The paper tackles the problem of dense semantic correspondence across images with large appearance variations and limited pixel-level labels by proposing a multi-level contrastive learning approach that does not rely on ImageNet pretrained models, achieving favorable performance against state-of-the-art methods on benchmark datasets like PF-PASCAL, PF-WILLOW, and SPair-71k.

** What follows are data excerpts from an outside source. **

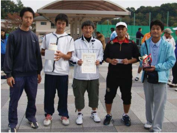
男子優勝 東芝横浜 (横浜市)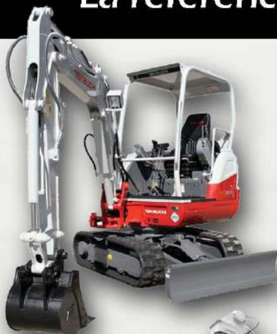
MINI ET MIDI-PELLES 1T à 9T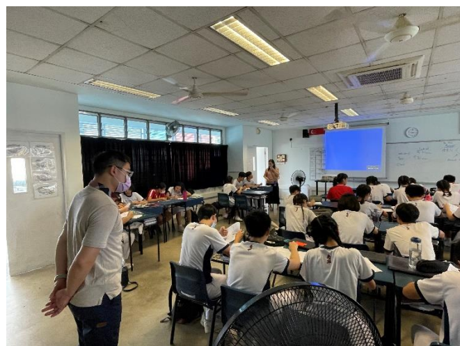
新加坡南華中學入班觀課-體驗全英教學課程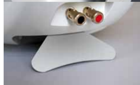
podstawka IPSO w zestawie

Zestaw 5.1-kanalowy nie może często zostać ustawiony optymalnie w wielu pomieszczeniach, a nawet w kinie domowym, ponieważ powinien on emitować dźwięk bezpośrednio do obszaru znajdującego się za nim. Aby w takich okolicznościach stworzyć prawdziwie dobre wrażenie przestrzenności bez konieczności bezpośredniego ustawiania jednego z głośników, idealnie jest zainstalować źródło dźwięku rozproszonego, takie jak PHASE 15 marki quadral, którego zamontowany z tyłu przełącznik umożliwia zastosowanie go jako głośnika bipolarnego, dipolarnego lub nawet całkiem normalnego. Ustawienie dipolarne powinno być zastosowane w małych pomieszczeniach, jako że dwa głośniki wysokotonowe działają w przeciwnych fazach i proces ten zapewnia tworzenie rozproszonego układu akustycznego. Oba głośniki wysokotonowe działają w tej samej fazie w trybie bipolarnym. Natomiast w ustawieniu „normal” PHASE 15 działa jako bezpośredni emiter dźwięku stosujący tylko jeden głośnik wysokotonowy.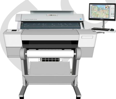
A1/A0 サイズ対応 MFP

※MFP システムのアップグレード価格は各スキャナ「導入後アップグレード価格表」の金額と同様です。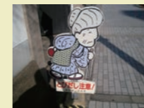
大阪府のお婆ちゃん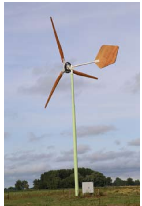
Kleinschalige landschapsvriendelijke en stille windturbine het equivalent van zonnepanelen op daken?

We zijn er een voorstander van om de mogelijkheden voor zonnepanelen op daken en gebouwen beter te benutten. We hebben de gemeente gevraagd om dit te stimuleren. En we zijn bezorgd over nieuwe initiatieven voor de plaatsing van windturbine in de gemeente of net daarbuiten, in het Reichswald.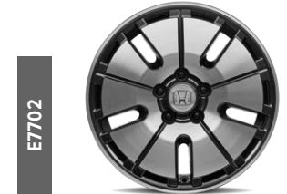
E7702 17"-Leichtmetallfelgenset in futuristischem Design mit Diamond Cut A-Oberfläche und Fenstern in Gunpowder Black.*

Auch als Sonderausstattung ab Werk erhältlich.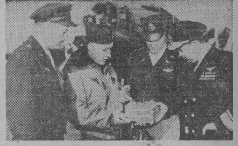
Varios técnicos de las fuerzas armadas norteamericanas examinan el botón que al ser accionado provocó la explosión de la última bomba atómica ensayada en aguas de Bikini.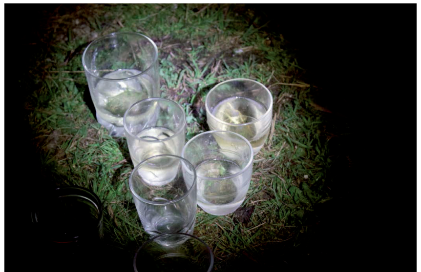
Fraîcheurs , 2017.

Plus d'informations sur www.le19crac.com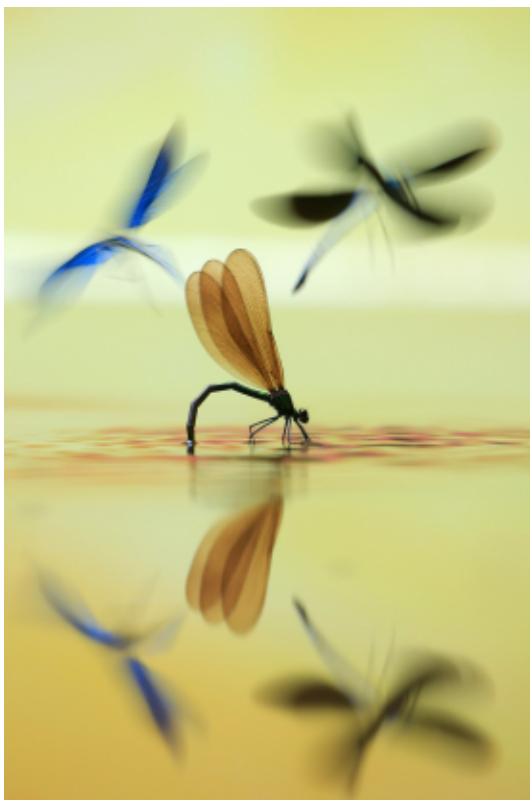
Marjan Arnatk. 'Ballet acuático'

E uropean Wildlife Photographer of the Year es uno de los concursos de fotografía de naturaleza más prestigiosos del mundo y está organizado por la Sociedad Alemana de Fotografía de Naturaleza (GDT). El certamen se celebra anualmente y con las mejores imágenes se forma una exposición, que viaja por decenas de países durante los meses que siguen a la celebración del certamen y la entrega de premios.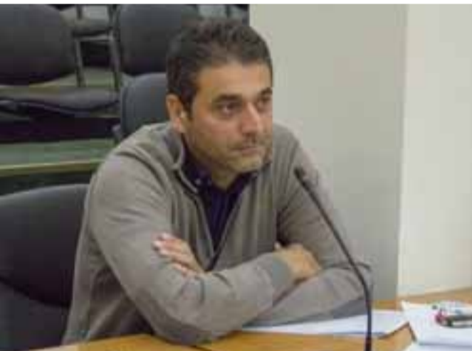
Γράφει ο Γιώργος Αρσενόπουλος...

Από αρχαιοτάτων χρόνων, η αξία του μασκαρέματος δεν περιοριζόταν στην ψυχαγω-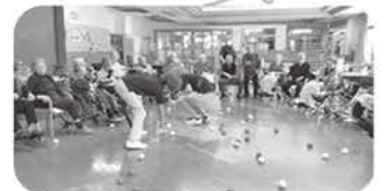
節分行事。 豆の代わりに紅白の玉で「鬼は外」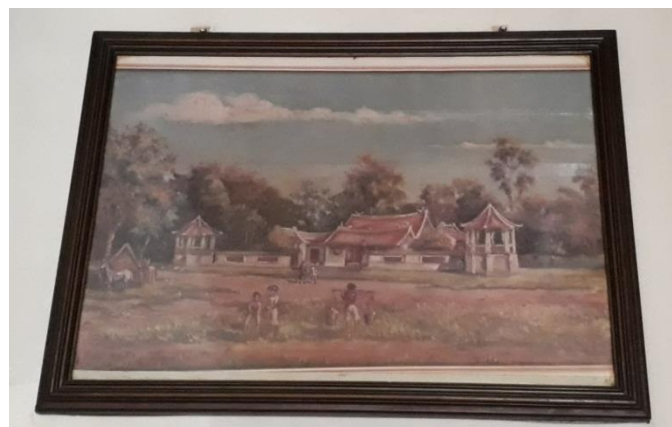
Gambar 4.7 Klenteng Hok Tek Bio pada masa lampau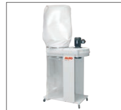
Abb. vgl. MOBIL 125-200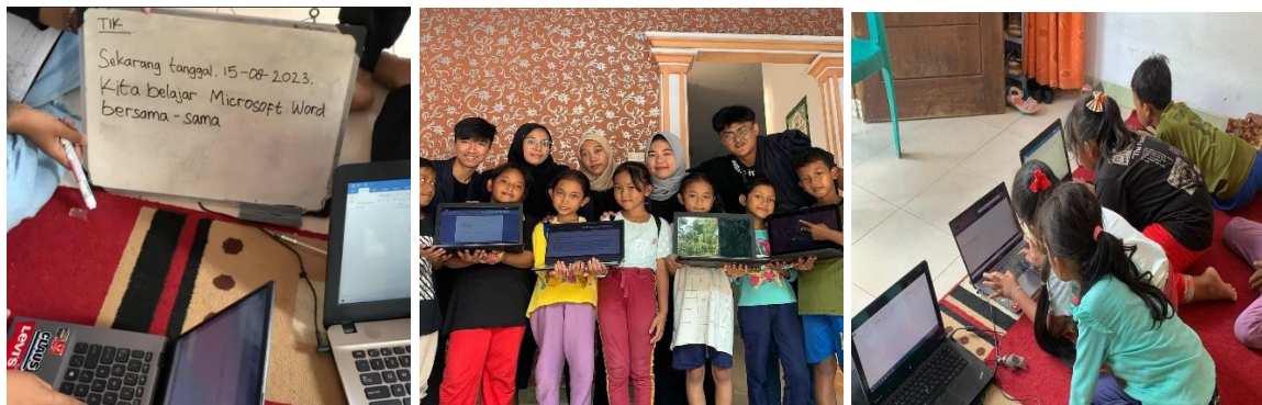
Gambar 2.6 Proses Pelaksanaan Bimbingan Belajar Anak-Anak Warga Desa Cilimus

Kegiatan bimbingan belajar bersama anak-anak warga Desa cilimus diadakan setiap seminggu sekali pada hari Selasa. Anak-anak sangat antusias mengikuti program bimbingan belajar yang kami laksanakan. Belajar bersama ini kami isi dengan materi dasar pengenalan Microsoft Word pada anak-anak. Bimbingan belajar dilakukan di posko kami juga guna mengisi kekosongan waktu kami dan diisi dengan pengalaman baru mengajar serta menambah ilmu pengetahuan baru pula untuk anak-anak warga Desa Cilimus tentang dasar Microsoft Word.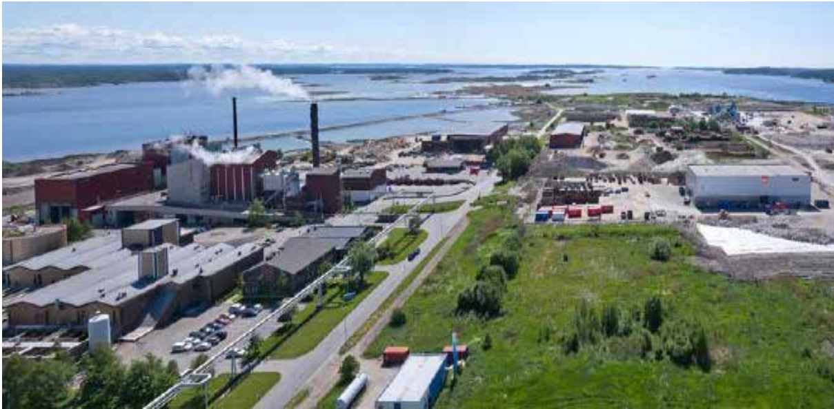
FREDRIKSTAD: Frevar i Fredrikstad er et av de første anleggene for produksjon av biogass som ble bygget her i landet.

Tar vi med bruk av jomfruelige ressurser som tang, tare og alger og distribuerer dette til produksjon av biogass er potensialet enda høyere.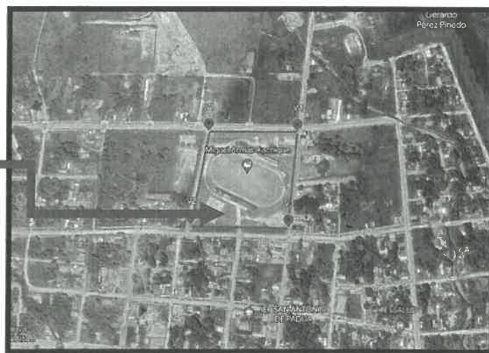
Ubicación del proyecto, vista Satelital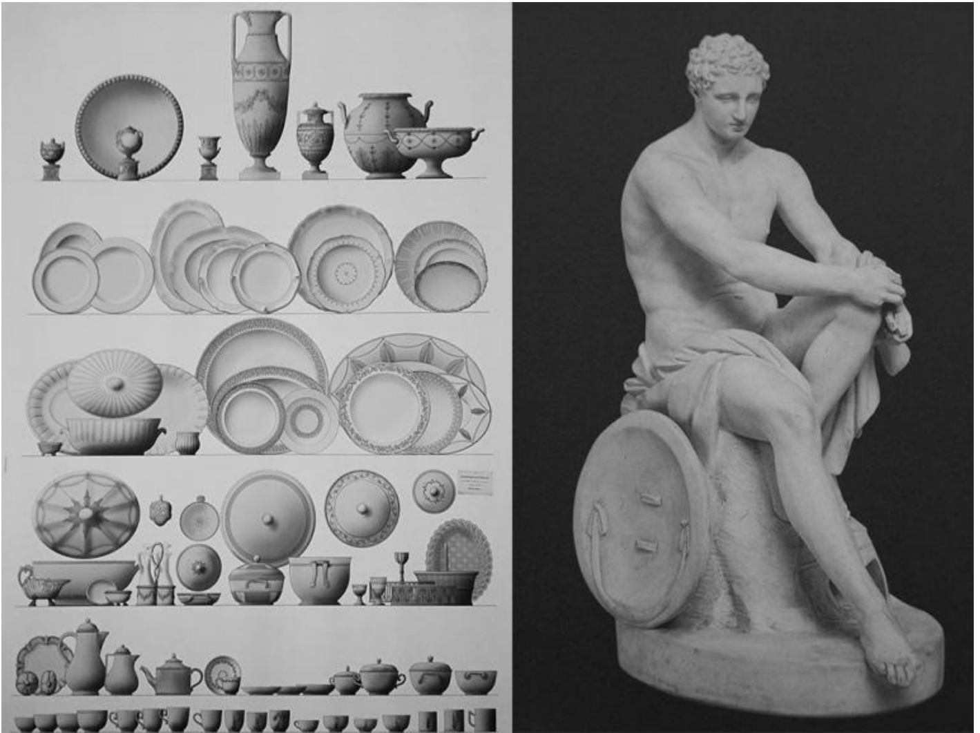
Catalogo della manifattura Volpato. / Officina Volpato, Ares Ludovisi. Bisquit cm 26 x 11 x 17. Roma musei Capitolini.

Sull'innesto di un tempo nell'altro, sull' inattualità del classico nel Settecento e nell'Ottocento – in corso la mostra Il Classico si fa Pop. Di scavi, copie e altri pasticci (Roma, Museo Nazionale romano di Palazzo Massimo e Crypta Balbi, fino al 7 aprile 2019). La mostra nasce dal ritrovamento nel 2010 dell'atelier romano di Giovanni Trevisan detto Volpato che a Roma intraprese un'attività di scavo, restauro e commercio dei marmi antichi, dal 1785 affiancata da una vasta produzione in bisquit di copie richieste come souvenir e di altre suppellettili prodotte dalla sua manifattura di ceramica ubicata in via Urbana 152.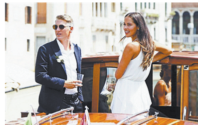
施魏因施泰格和伊万诺维奇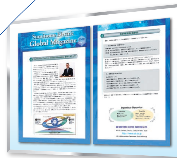
非鉄金属メーカー 海外向け社内報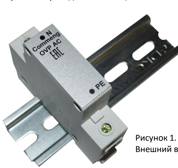
Рисунок 1. Внешний вид

Commeng OVP-2N AC 280/15 устройство защиты от импульсных помех (УЗИП), предназначенное для защиты одно- и трехфазных электроустановок и цепей питания переменного тока 220/380 (230/400)В от импульсных перенапряжений. Внешний вид устройства показан на рис.1, функциональная схема на рис.2., основные технические характеристики приведены в таблице.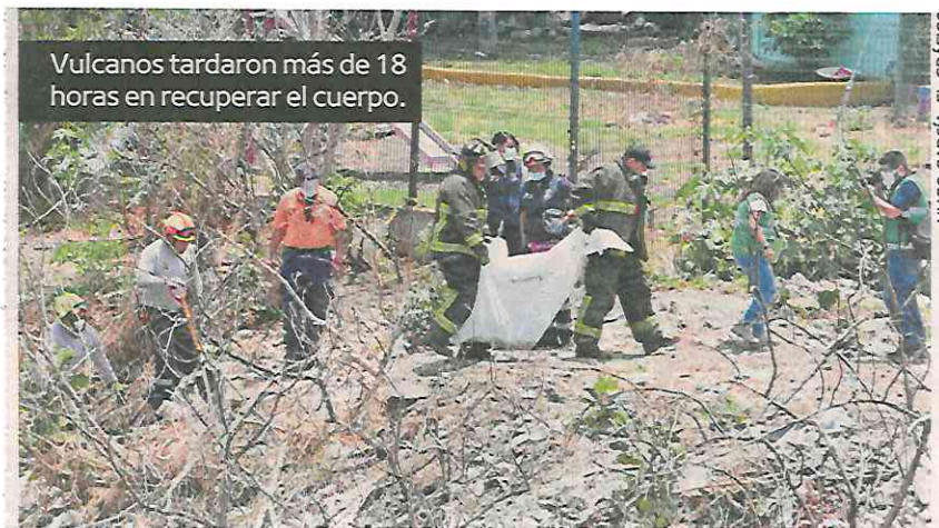
Vulcanos tardaron más de 18 horas en recuperar el cuerpo.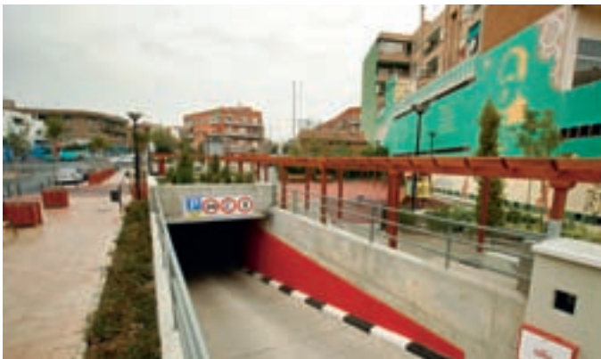
El aparcamiento Julián Baena de Castro es uno de los que se verán beneficiados con la rebaja en el abono mensual.

Asimismo, ya ha comenzado la comercialización de abonos mensuales renovables en el nuevo aparcamiento Pablo Picasso, inaugurado esta semana, también al precio de 80,91 euros con IVA.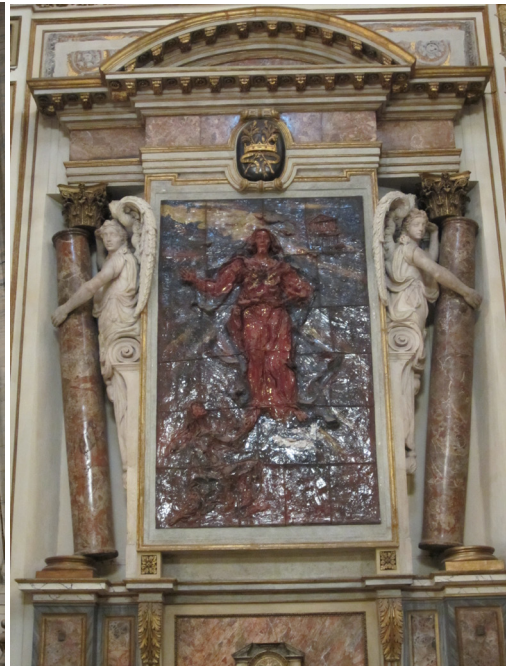
7. kép. Pellegrino Tibaldi: a milánói San Fedele jezsuita templom oltára

jére utaló szimbólummal van dolgunk: a szövetség ládáját tartó szeráfokra vagy az egyházat fenntartó isteni erőre kívánt így utalni az építész. 31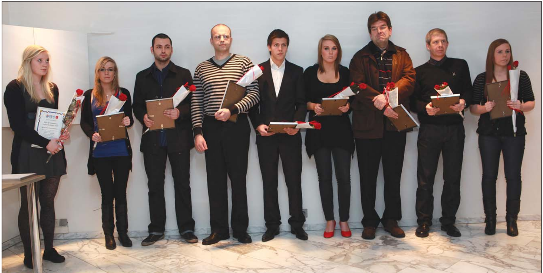
Níu tilnefningar bárust um kjör íþróttamanns ársins.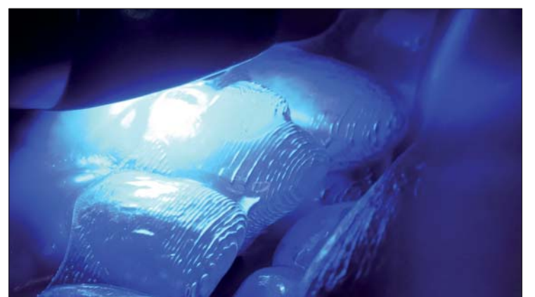
Abb. 10: Die transparente Farbeinstellung von SDR ermöglicht die komplette Polymerisation des Attachments durch die Templatefolie in einem Polymerisationszyklus.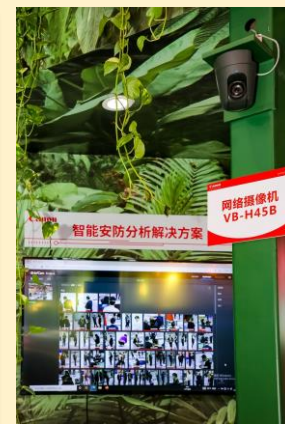
智能安防分析解决方案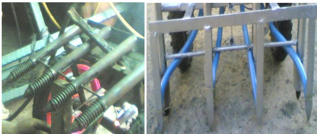
Gambar 2. Komponen Alat Tanam Benih

kemudian menutup katup kembali. Tuas pengungkit dapat menghasilkan daya dorong yang lebih maksimal untuk mengalirkan benih jagung ke dalam 4 (empat) buah pipa sekaligus. Ujung pipa secara otomatis menutup lubang dengan gesekan pada tanah; pada main machine dipasang 2 (dua) buah roda dengan tinggi seimbang dengan panjang pipa besi, dimaksudkan untuk mempermudah pergerakan. Penelitian ini memiliki perbedaan yang sangat mencolok dibandingkan dengan alat tanam benih yang ada di pasaran atau yang dikenal oleh masyarakat luas. Yaitu pada keberadaan sepasang tuas pengungkit pada pangkal pegangan yang mirip dengan pegangan rem pada sepeda. Pipa besi dengan ujung runcing untuk menambah daya dorong dalam melubangi tanah dan dikombinasikan dengan ulir untuk menambah daya bongkar pada tanah.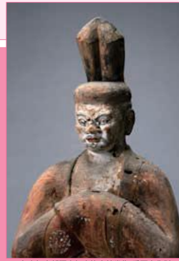
久麻加夫都阿良加志比古神坐像 重要文化財 (くまかぶとあらかしひこしんざう)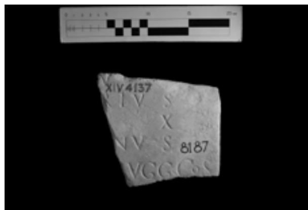
Fig. 7 - Ostia, deposito 20, inv. 8187: frammento di lastra forse relativo ai fasti degli edili e dei pretori di Vulcano di anno incerto. CIL , XIV 4137, Concessione Soprintendenza speciale per i beni archeologici di Roma.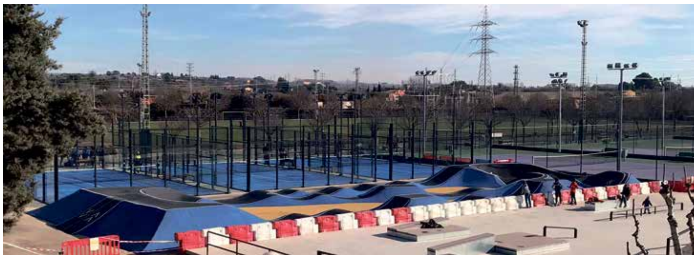
El circuito permanece cerrado hasta que se reparen las deficiencias

La instalación tuvo que ser clausurada al público temporalmente a los tres días de su apertura, ya que aparecieron problemas de construcción que están siendo subsanados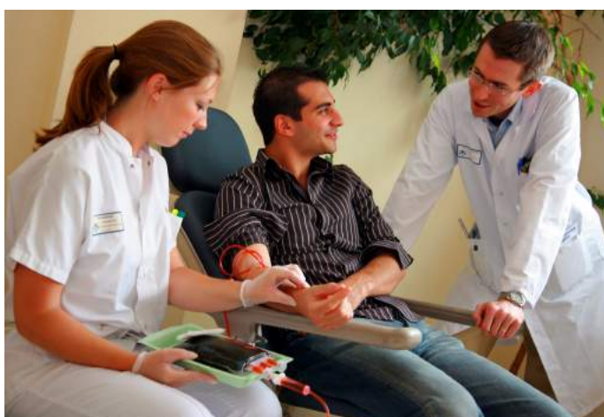
Réalisation d'une saignée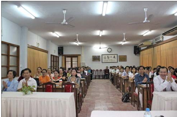
Lớp Huấn Luyện về TĐCĐ LC tại Thư Viện Khoa Học Tổng Hợp TPHCM ngày 8-12 đến 10-12-2009

Như đã nói ở phần trên, tổng số học viên lớp này là 95 người, thuộc các thư viện khu vực phía Nam tham dự khóa huấn luyện này. Vì những vị này đã tham dự những khóa huấn luyện chuyên môn ngành Thông tin Thư viện do Chi Hội TV Đại Học Phía Nam (VILASAL) tổ chức nhiều lần, nên một phần nào kiến thức của họ về TĐCĐ đã có sẵn rồi, do đó giảng viên đã trình bày bài giảng về Hệ Thống Tiêu Đề Chủ Đề của Thư Viện Quốc Hội Hoa Kỳ (Library of Congress Subject Headings) với vận tốc nhanh, với mục đích bao gồm bài giảng và lời giải thích càng nhiều càng tốt vì thời gian hội thảo có 3 ngày so với đề tài này là quá ngắn. Nhiều câu hỏi đã được nêu lên trong lớp này so với lớp ở Hà Nội, về biên mục mô tả, AACR2, biên mục đề mục nói chung, và MARC 21 và cách thiết lập TĐCĐ cho Việt Nam vì hiện nay công đồng TV Việt Nam chưa có một bộ TĐCĐ chuẩn nào cả.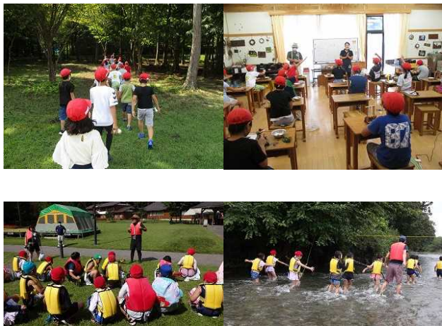
【3年生遠足(自然体験交流センター)】

Dense correspondence across semantically related images has been extensively studied, but still faces two challenges: 1) large variations in appearance, scale and pose exist even for objects from the same category, and 2) labeling pixel-level dense correspondences is labor intensive and infeasible to scale. Most existing approaches focus on designing various matching approaches with fully-supervised ImageNet pretrained networks. On the other hand, while a variety of self-supervised approaches are proposed to explicitly measure image-level similarities, correspondence matching the pixel level remains under-explored. In this work, we propose a multi-level contrastive learning approach for semantic matching, which does not rely on any ImageNet pretrained model. We show that image-level contrastive learning is a key component to encourage the convolutional features to find correspondence between similar objects, while the performance can be further enhanced by regularizing cross-instance cycle-consistency at intermediate feature levels. Experimental results on the PF-PASCAL, PF-WILLOW, and SPair-71k benchmark datasets demonstrate that our method performs favorably against the state-of-the-art approaches. The source code and trained models will be made available to the public.